A different magic swept in, years later, to place my translation in the hands of an independent publisher in North Carolina, who contacted me out of the blue to propose I work with her on a chapbook. So began a four-way long-distance relationship: me in Naarm, the poet in Mexico City, the publisher in Chapel Hill, and a second (or rather, first) translator in Boston. Xhevdet wrote in both Albanian – his mother tongue – and Spanish, the language of his adopted home. I translated from the latter, homesick poems populated by haunted, chain-smoking angels.



IV

The moment he set foot on earth

Apenas puso los pies en la tierra

First thing he did was walk into a cantina

Entró en la primera cantina

He drank two whiskeys, then he died

Bebió dos güisquis y murió

And the angels have night terrors

Y los ángeles tienen pesadillas

(Xhevdet Bajraj, “The Angel’s Dreams” / “Los sueños del ángel”)



V

Xhevdet was born in Kosovo.

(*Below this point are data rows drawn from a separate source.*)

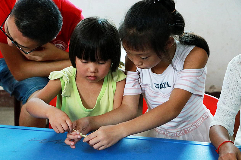 8月28日,志愿者们一路欢声笑语来到了儿童快乐家园,开启了三下乡的首次支教活动。这次志愿者给小孩子带来的是一堂科学实验课,志愿者陈述:为了给孩子们上一堂精彩的实验课,志愿者们在前一天晚上已经提前将所有实验都做过一遍。所以课堂实验效果明显。而在略微有些嘈杂的课堂上,记者发现有一位小女孩,坐姿格外的端正,回答问题也相当的积极。课后另一个志愿者问到这位女孩,小女孩说:“那个志愿者姐姐上次来时教过一个类似的实验,所以这次老师提的问题我都知道”说完便立刻跑到了志愿者的身边。和志愿者亲密的玩耍。
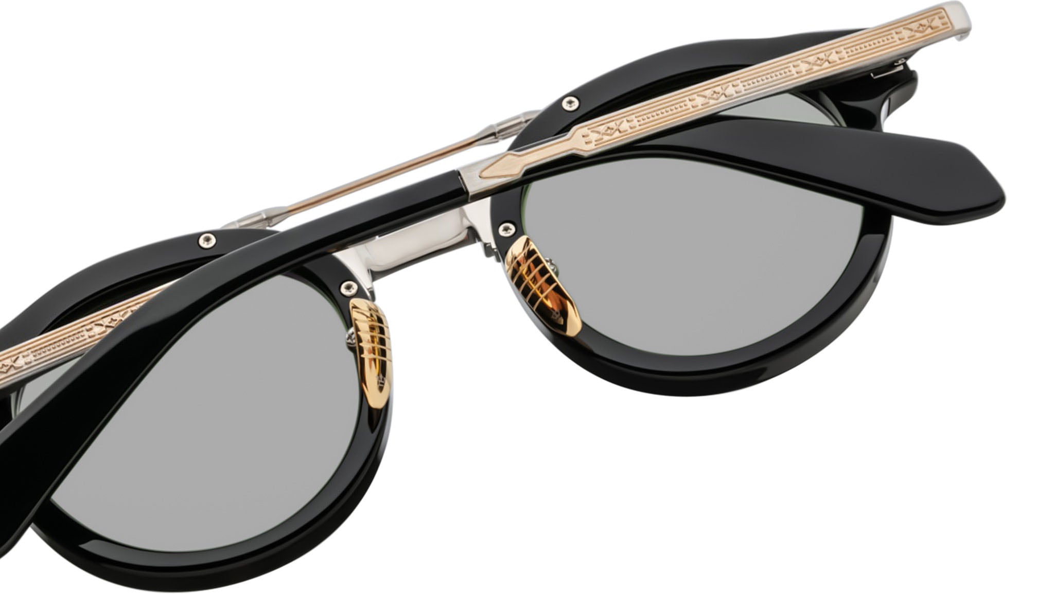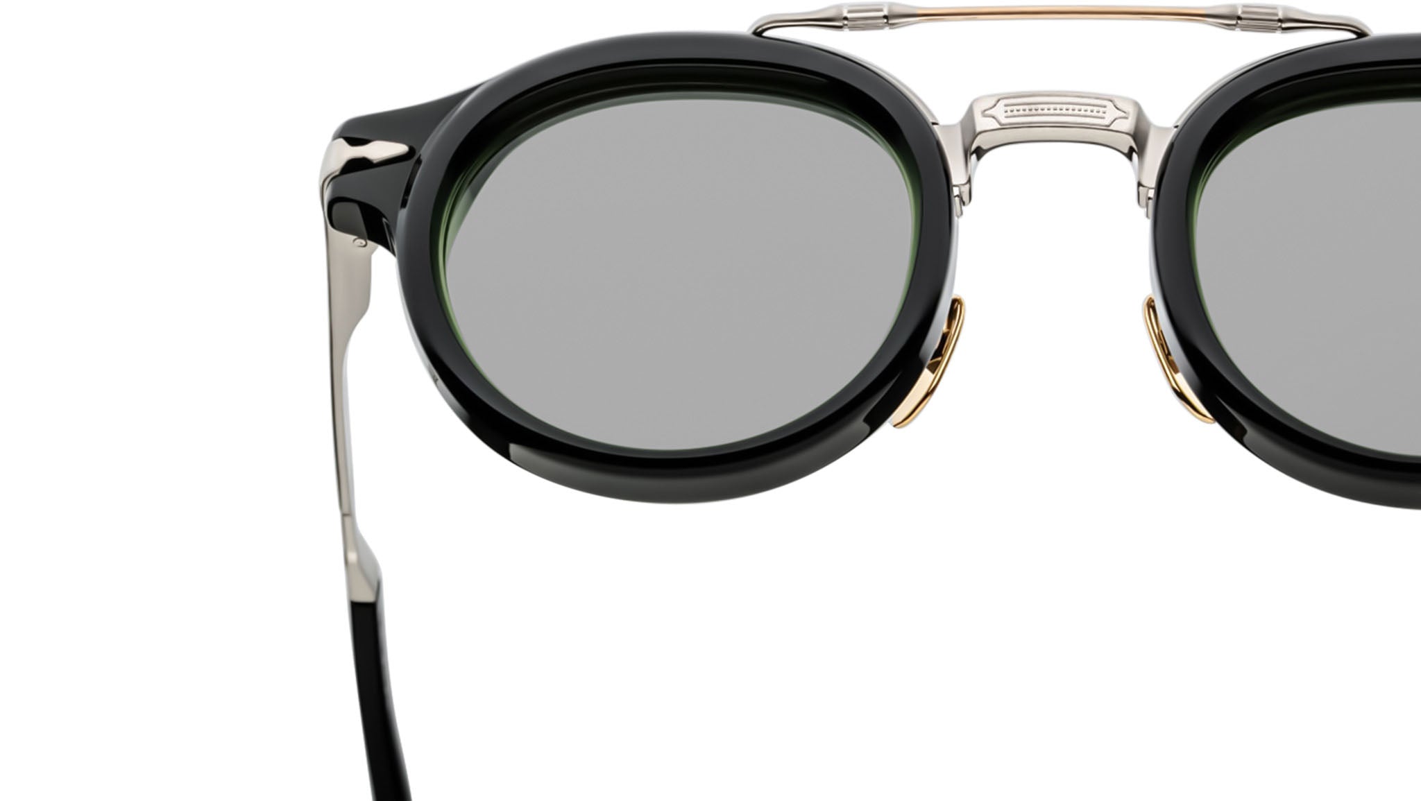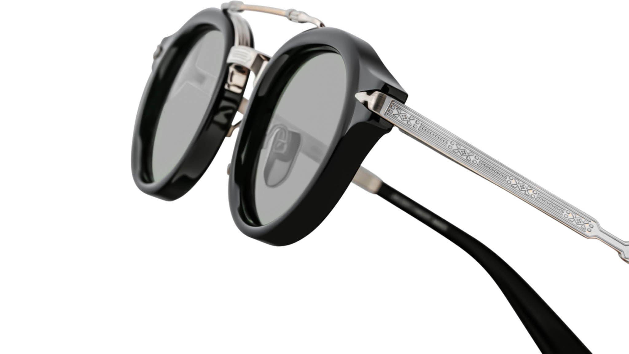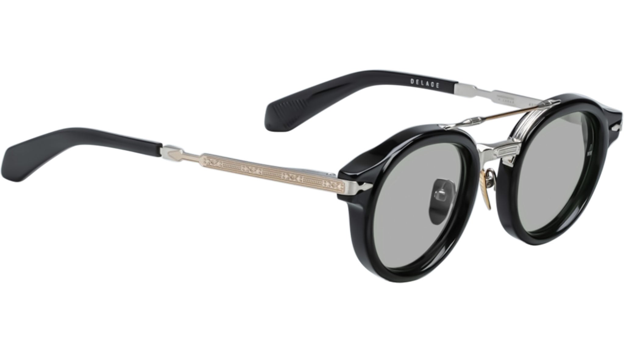 The Jacques Marie Mage Delage spectacles are elegant circular frames inspired by the sophisticated styles of the 1950s. Combining a bold acetate lens shape with a distinct titanium brow bar, these combo spectacles exude timeless charm. Featuring the brand's signature arrowhead monoblock hinge and finely engraved temples with a unique arrowhead motif, the Delage seamlessly blends Art Deco fluidity and embellishments with modern refinement. Perfect for the confident wearer, these frames embody a subtle old-world sensibility reimagined for contemporary city life.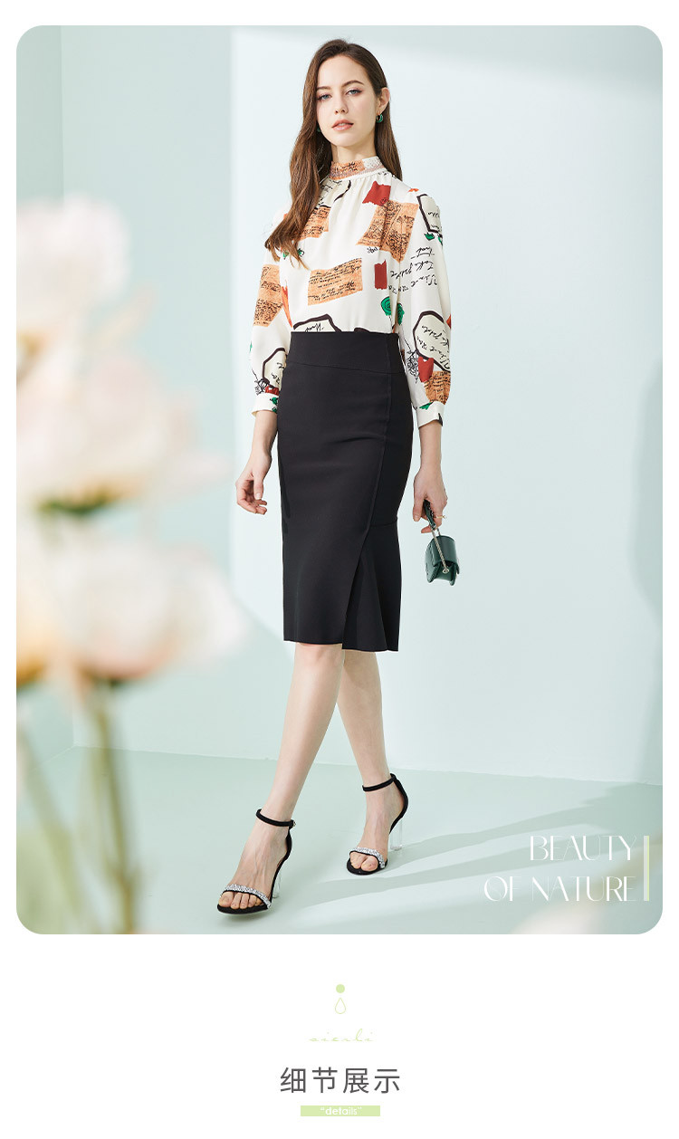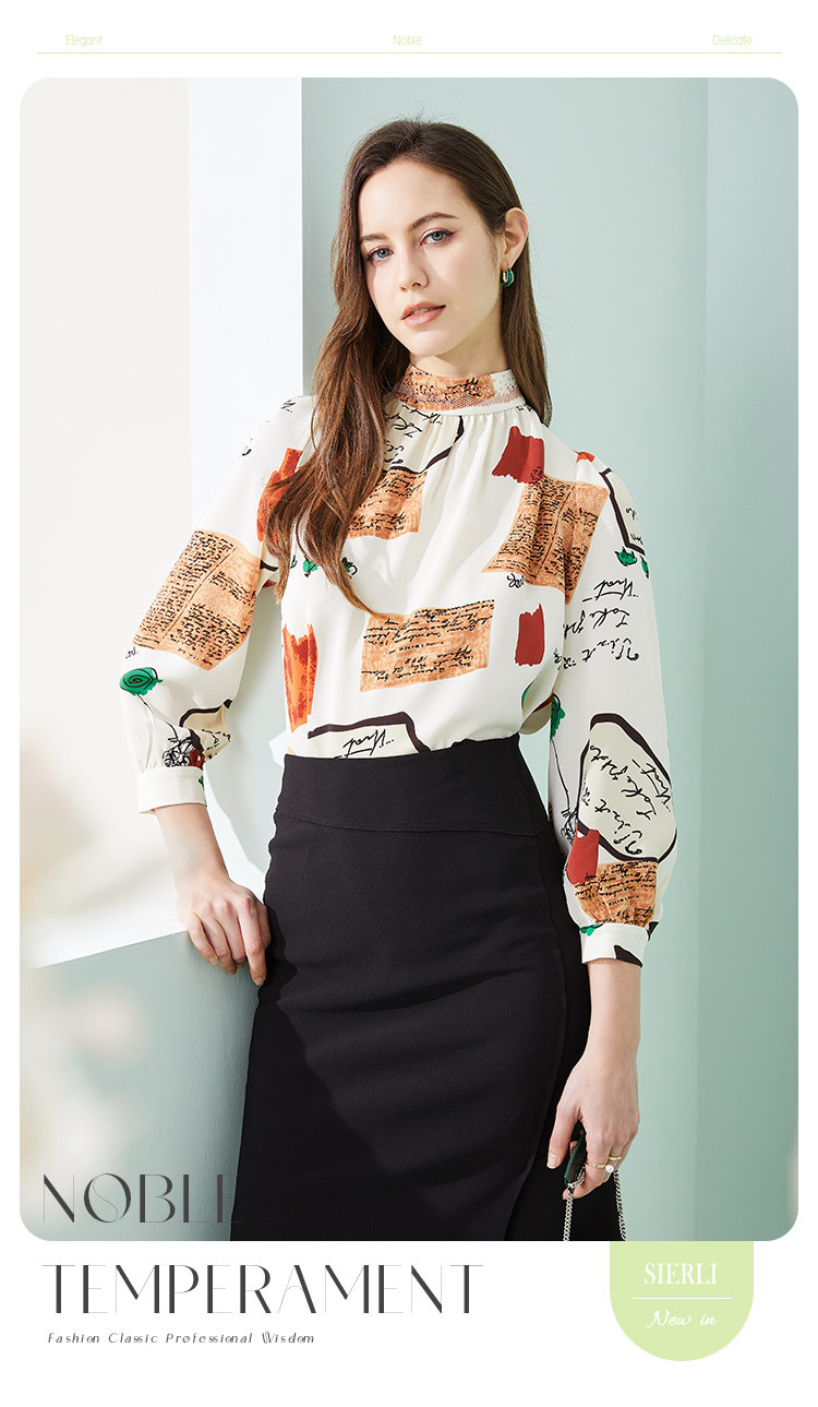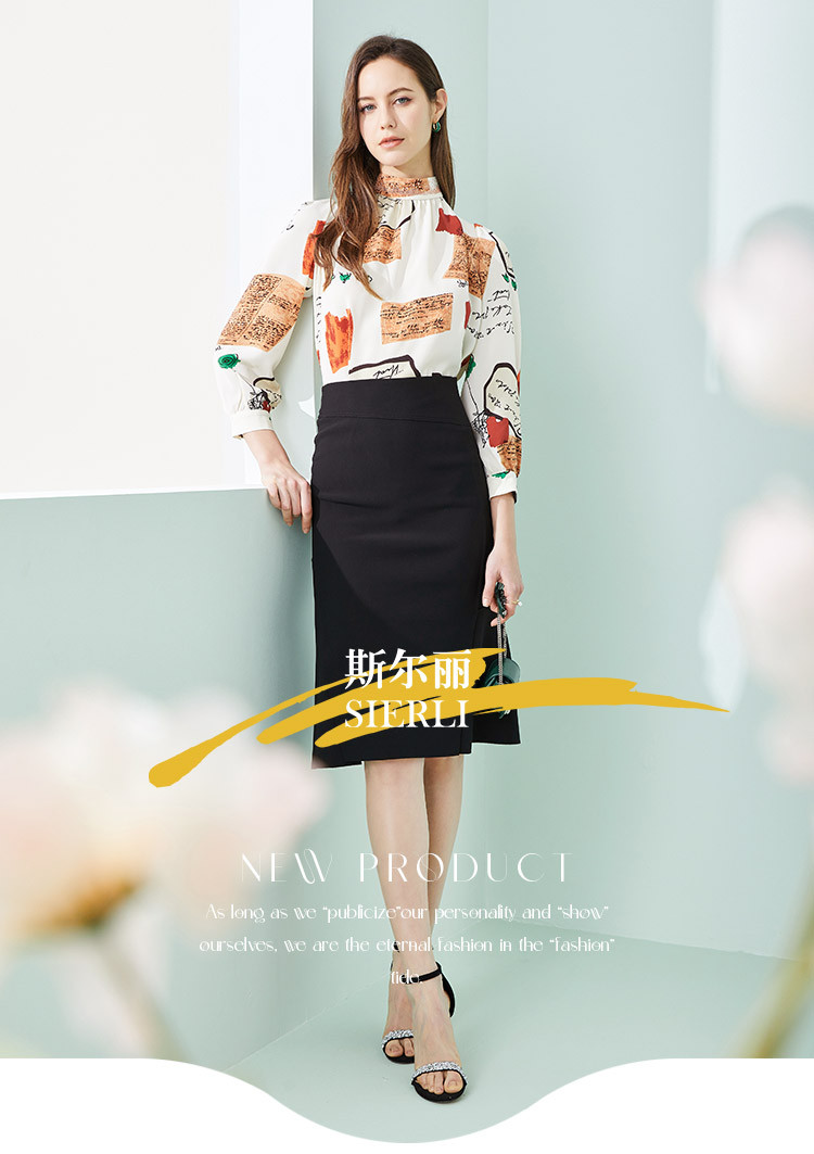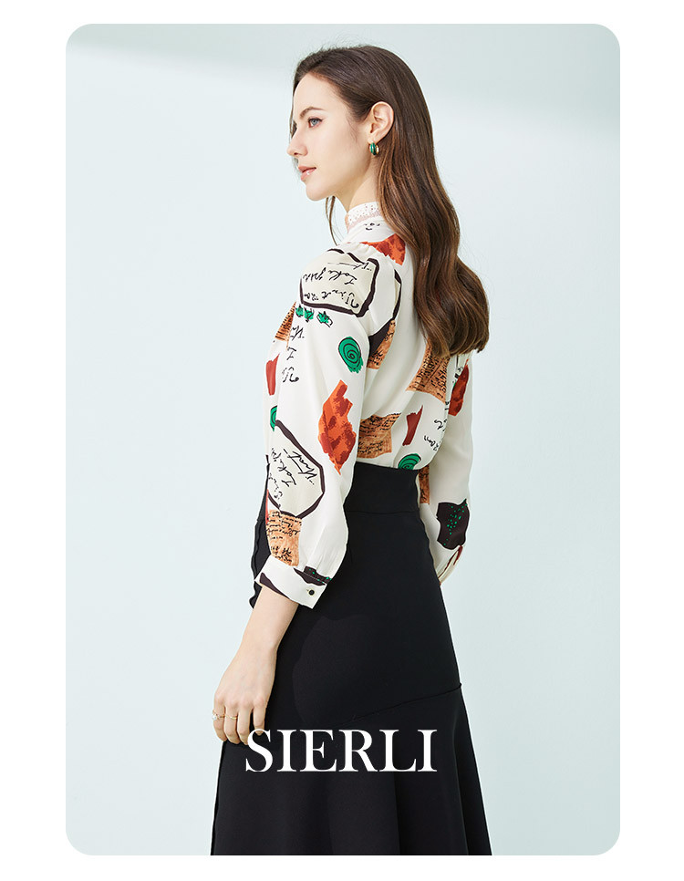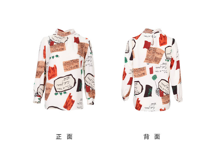 商品名称:商场同款春季波西米亚气质涂鸦不规则碎花拼色长袖衬衣 356191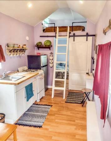 Our tiny homes feature full bathrooms with toilet, sink and shower as well as full kitchens/kitchenettes (depends on unit) and a living area with 1 bedroom and lofts.

He was celebrated there, as a poet and playwright. In 1998, when Serb military and paramilitary forces began a campaign of forced displacement and extermination of Kosovar Albanians, Xhevdet was deported to Albania. He was to consider himself lucky: other men were being murdered in cold blood in their living rooms, in front of their families. Xhevdet’s status as a poet saved him.

His wife Vjollca and their two young sons stayed behind, until they were able to flee. They took a bus to the Albanian border. When the view from the bus window showed the dead being tipped into ditches by the side of the road, Vjollca covered her youngest son’s eyes.

The family reunited in Albania, and were evacuated to Mexico by the International Parliament of Writers. They became the first residents of Mexico City’s Casa Refugio Citlaltépetl. They never returned to Kosovo.